** Task prompt **
Each line below from the line with "1.本关一开始先点击最右边的" to the line with "machines, and so on." must be copied exactly, including those two, and no picture may appear in the copy.

[Recorded data]
──────────────────────────────

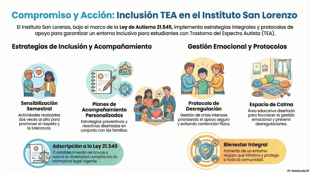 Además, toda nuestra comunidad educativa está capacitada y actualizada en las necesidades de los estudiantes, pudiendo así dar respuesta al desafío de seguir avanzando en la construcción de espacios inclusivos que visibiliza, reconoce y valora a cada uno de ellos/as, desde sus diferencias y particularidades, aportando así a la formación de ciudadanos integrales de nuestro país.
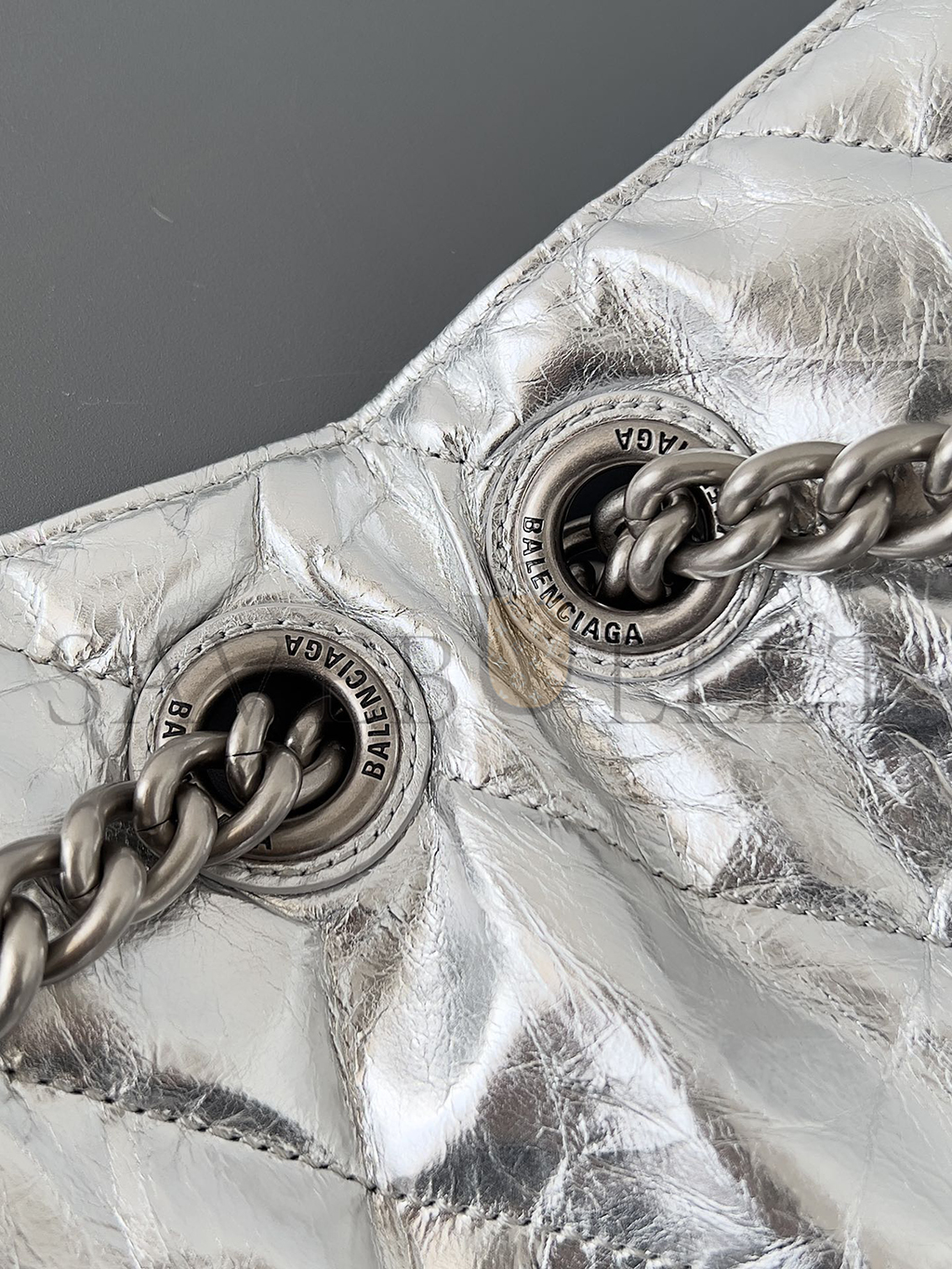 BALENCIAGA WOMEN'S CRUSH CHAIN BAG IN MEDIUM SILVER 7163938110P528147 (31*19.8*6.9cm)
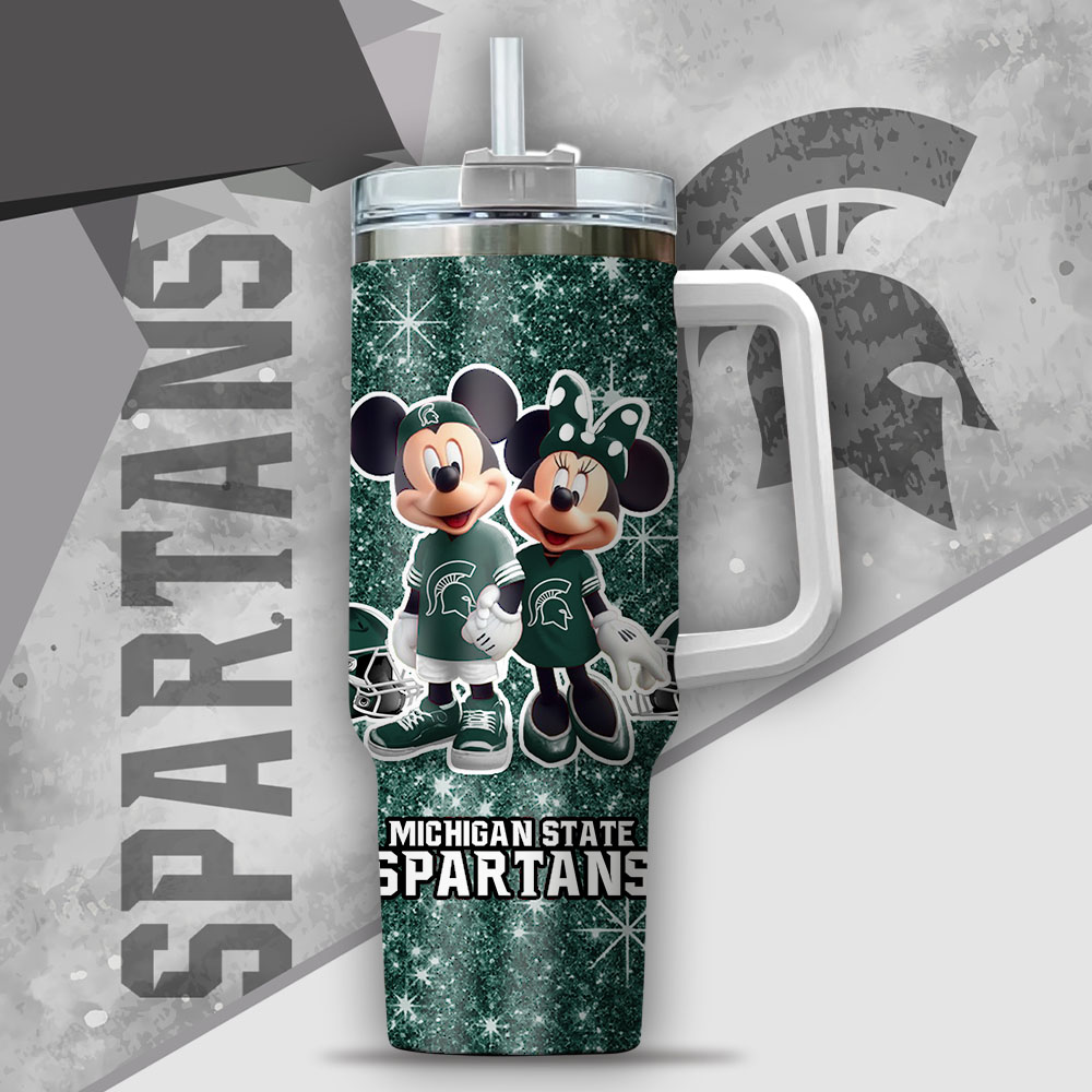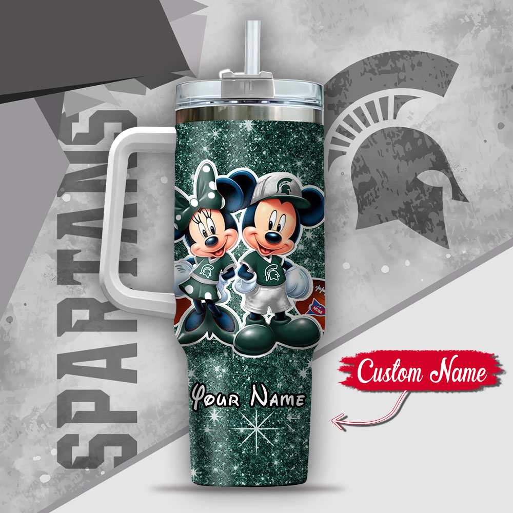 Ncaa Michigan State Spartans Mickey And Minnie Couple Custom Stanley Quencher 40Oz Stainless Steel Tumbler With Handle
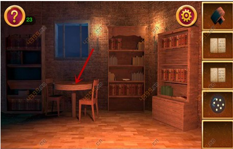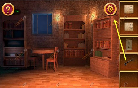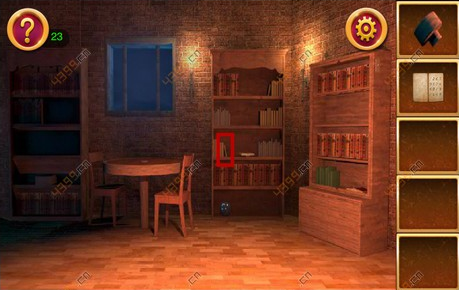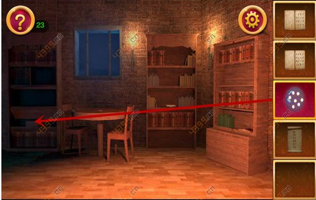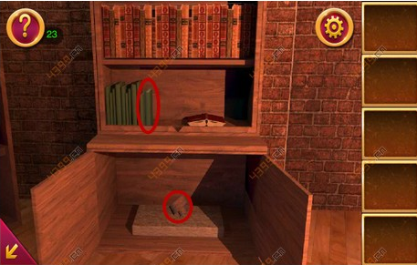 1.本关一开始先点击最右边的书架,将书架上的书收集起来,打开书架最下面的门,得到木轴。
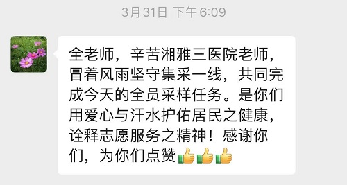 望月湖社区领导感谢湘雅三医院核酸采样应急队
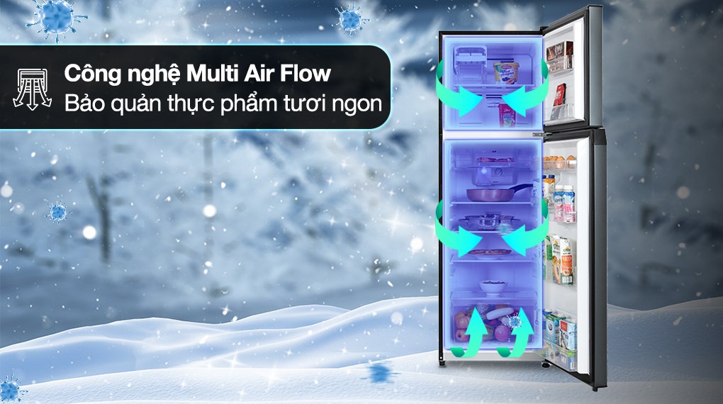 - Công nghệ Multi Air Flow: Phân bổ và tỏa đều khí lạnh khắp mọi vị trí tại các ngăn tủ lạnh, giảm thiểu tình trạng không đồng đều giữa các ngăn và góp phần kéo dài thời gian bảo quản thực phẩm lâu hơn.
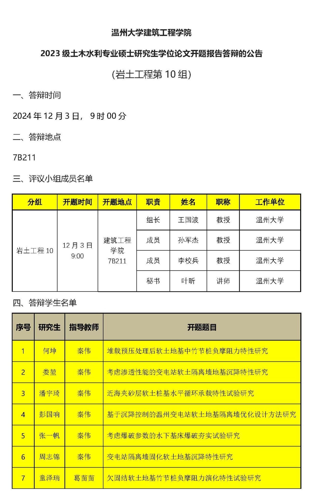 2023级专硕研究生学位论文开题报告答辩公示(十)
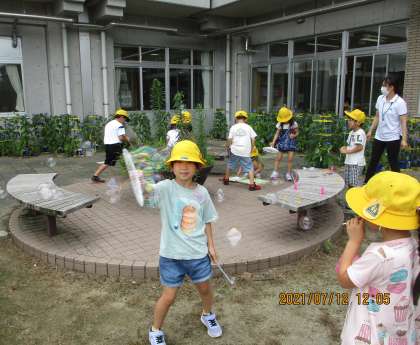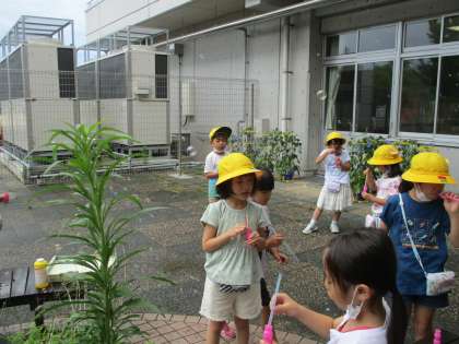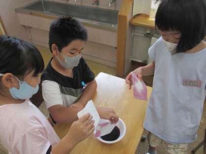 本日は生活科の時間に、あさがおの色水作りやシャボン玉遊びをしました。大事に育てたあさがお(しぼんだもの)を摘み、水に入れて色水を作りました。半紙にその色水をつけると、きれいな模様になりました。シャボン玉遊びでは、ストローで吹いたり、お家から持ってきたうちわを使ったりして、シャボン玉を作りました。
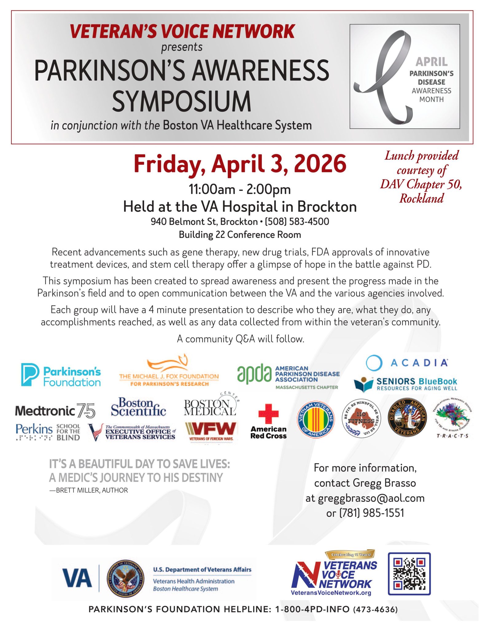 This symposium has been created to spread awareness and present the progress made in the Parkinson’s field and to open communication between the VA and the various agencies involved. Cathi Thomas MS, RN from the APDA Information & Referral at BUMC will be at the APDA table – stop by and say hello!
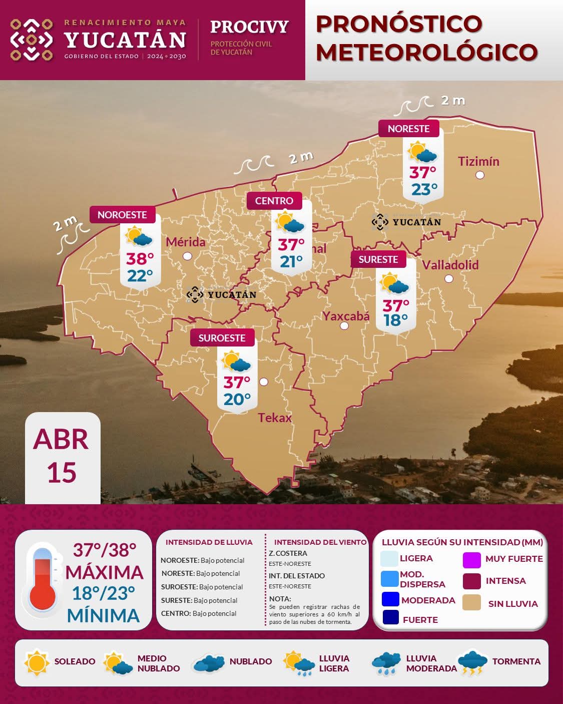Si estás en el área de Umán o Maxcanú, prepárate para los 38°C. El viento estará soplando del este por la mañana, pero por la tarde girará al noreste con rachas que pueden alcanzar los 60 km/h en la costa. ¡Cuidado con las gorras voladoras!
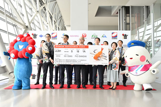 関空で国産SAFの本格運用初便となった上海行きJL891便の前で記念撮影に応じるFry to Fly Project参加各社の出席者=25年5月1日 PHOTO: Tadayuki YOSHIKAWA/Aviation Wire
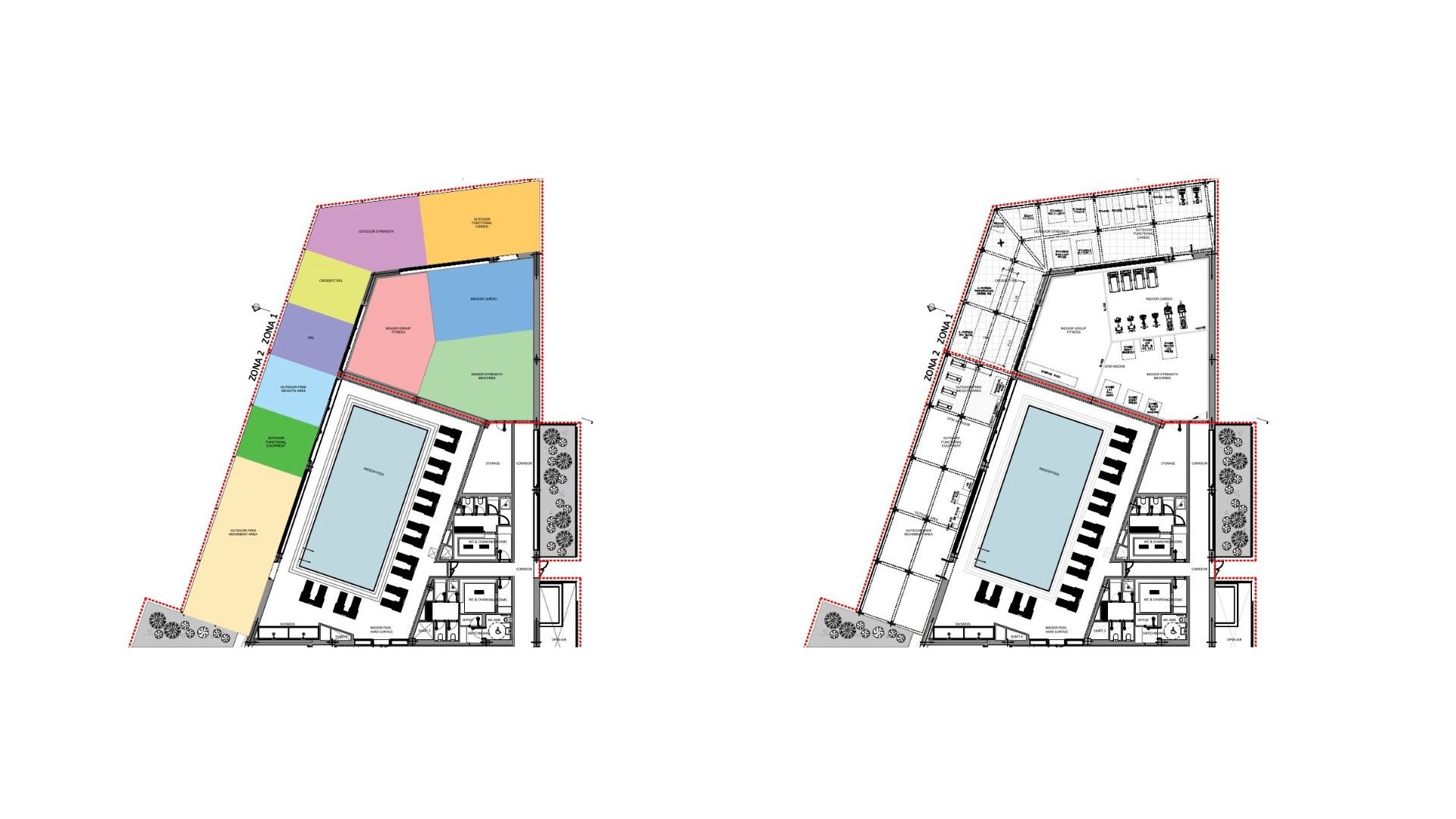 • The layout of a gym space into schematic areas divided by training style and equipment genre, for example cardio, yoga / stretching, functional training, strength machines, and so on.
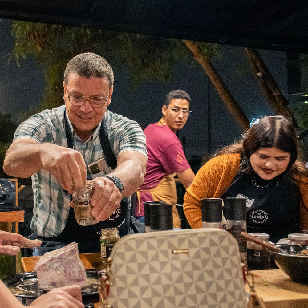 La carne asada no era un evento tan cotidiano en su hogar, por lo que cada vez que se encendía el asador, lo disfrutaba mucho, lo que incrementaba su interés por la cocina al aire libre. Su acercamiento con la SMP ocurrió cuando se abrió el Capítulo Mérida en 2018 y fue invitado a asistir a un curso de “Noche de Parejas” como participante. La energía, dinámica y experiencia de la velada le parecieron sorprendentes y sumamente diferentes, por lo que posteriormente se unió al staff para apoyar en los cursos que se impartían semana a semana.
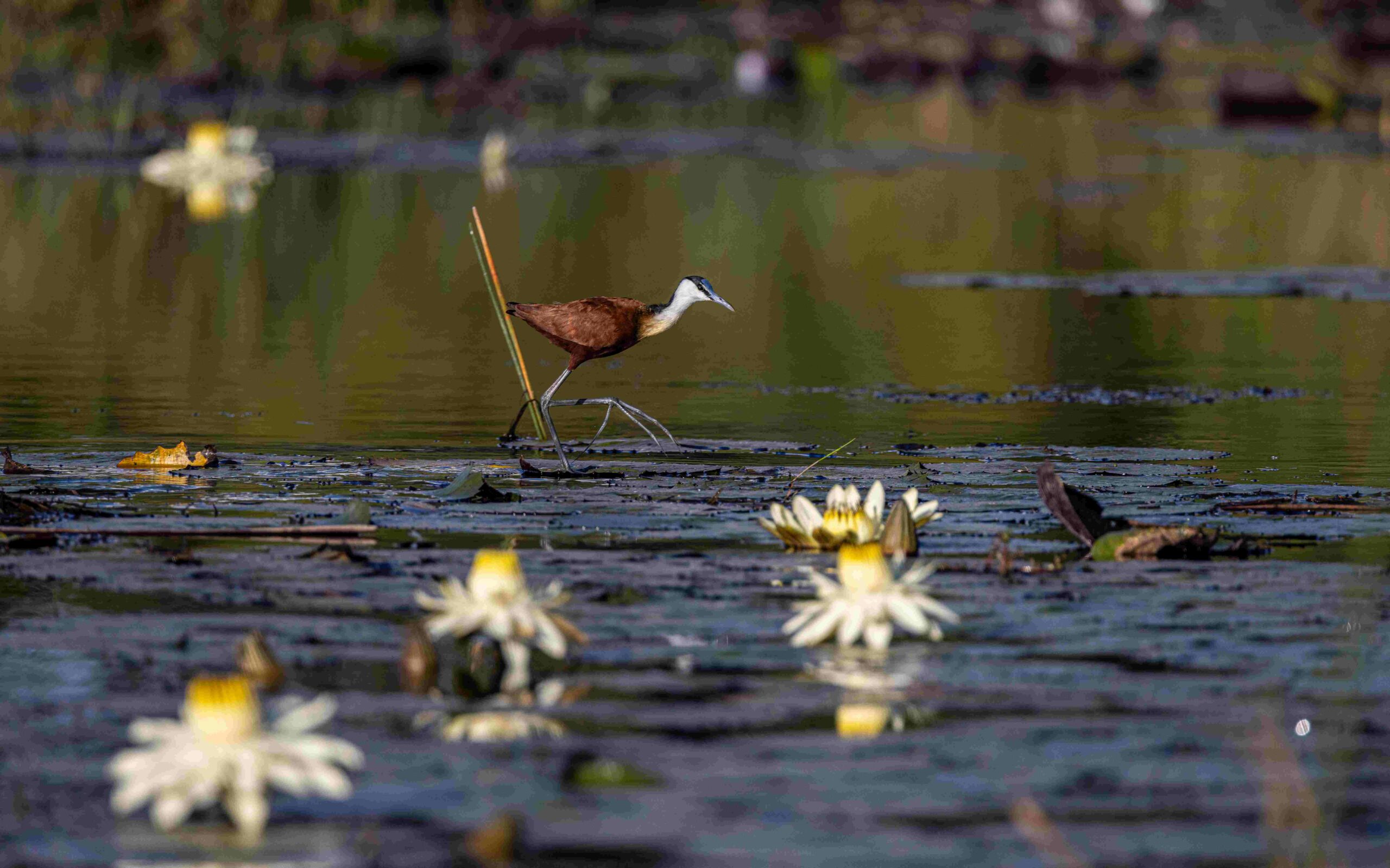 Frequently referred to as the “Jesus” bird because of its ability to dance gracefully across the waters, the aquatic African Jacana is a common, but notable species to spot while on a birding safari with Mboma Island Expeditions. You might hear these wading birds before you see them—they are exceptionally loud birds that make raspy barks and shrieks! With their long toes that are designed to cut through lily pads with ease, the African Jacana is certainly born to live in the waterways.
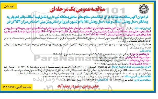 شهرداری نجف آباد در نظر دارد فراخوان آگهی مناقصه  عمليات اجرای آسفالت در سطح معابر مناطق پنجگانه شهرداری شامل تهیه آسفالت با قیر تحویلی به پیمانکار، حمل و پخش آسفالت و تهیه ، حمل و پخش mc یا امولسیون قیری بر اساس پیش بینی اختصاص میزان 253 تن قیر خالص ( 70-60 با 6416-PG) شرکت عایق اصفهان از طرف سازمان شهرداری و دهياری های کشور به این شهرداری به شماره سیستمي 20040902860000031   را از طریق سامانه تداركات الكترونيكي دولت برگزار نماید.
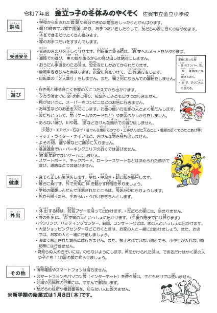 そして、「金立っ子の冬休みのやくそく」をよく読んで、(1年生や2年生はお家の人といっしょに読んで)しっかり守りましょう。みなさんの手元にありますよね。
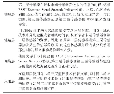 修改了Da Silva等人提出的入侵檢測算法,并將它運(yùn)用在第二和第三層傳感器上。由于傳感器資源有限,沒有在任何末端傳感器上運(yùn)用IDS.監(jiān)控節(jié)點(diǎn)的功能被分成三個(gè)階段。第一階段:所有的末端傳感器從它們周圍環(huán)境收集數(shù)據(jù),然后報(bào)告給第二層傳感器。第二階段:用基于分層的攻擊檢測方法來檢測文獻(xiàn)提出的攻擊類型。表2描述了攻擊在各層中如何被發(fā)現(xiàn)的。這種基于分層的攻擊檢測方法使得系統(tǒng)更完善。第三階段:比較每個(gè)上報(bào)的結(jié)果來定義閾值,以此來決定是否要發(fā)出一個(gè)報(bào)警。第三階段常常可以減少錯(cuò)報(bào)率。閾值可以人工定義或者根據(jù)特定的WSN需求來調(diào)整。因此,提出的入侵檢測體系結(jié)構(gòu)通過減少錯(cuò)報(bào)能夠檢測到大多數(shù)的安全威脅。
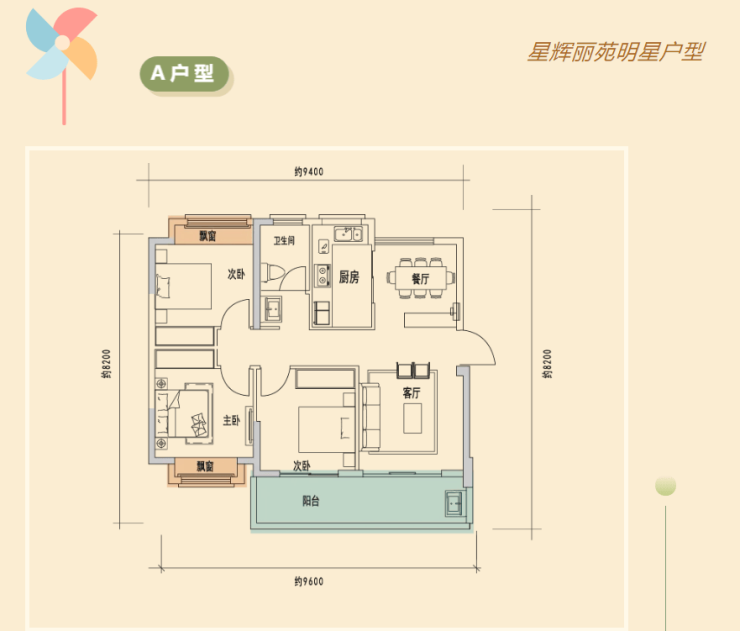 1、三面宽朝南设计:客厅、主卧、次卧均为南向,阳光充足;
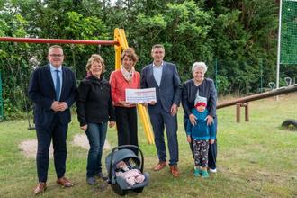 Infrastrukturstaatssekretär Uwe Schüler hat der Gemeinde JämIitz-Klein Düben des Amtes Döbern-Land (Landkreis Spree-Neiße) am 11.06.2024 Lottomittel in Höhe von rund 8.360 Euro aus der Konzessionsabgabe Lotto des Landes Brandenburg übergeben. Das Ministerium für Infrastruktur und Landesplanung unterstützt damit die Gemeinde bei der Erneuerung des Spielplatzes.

──────────────────────────────

** Solved exercise **
 1.本关一开始先点击最右边的书架,将书架上的书收集起来,打开书架最下面的门,得到木轴。
 望月湖社区领导感谢湘雅三医院核酸采样应急队
 - Công nghệ Multi Air Flow: Phân bổ và tỏa đều khí lạnh khắp mọi vị trí tại các ngăn tủ lạnh, giảm thiểu tình trạng không đồng đều giữa các ngăn và góp phần kéo dài thời gian bảo quản thực phẩm lâu hơn.
 2023级专硕研究生学位论文开题报告答辩公示(十)
 本日は生活科の時間に、あさがおの色水作りやシャボン玉遊びをしました。大事に育てたあさがお(しぼんだもの)を摘み、水に入れて色水を作りました。半紙にその色水をつけると、きれいな模様になりました。シャボン玉遊びでは、ストローで吹いたり、お家から持ってきたうちわを使ったりして、シャボン玉を作りました。
 This symposium has been created to spread awareness and present the progress made in the Parkinson’s field and to open communication between the VA and the various agencies involved. Cathi Thomas MS, RN from the APDA Information & Referral at BUMC will be at the APDA table – stop by and say hello!
Si estás en el área de Umán o Maxcanú, prepárate para los 38°C. El viento estará soplando del este por la mañana, pero por la tarde girará al noreste con rachas que pueden alcanzar los 60 km/h en la costa. ¡Cuidado con las gorras voladoras!
 関空で国産SAFの本格運用初便となった上海行きJL891便の前で記念撮影に応じるFry to Fly Project参加各社の出席者=25年5月1日 PHOTO: Tadayuki YOSHIKAWA/Aviation Wire
 • The layout of a gym space into schematic areas divided by training style and equipment genre, for example cardio, yoga / stretching, functional training, strength machines, and so on.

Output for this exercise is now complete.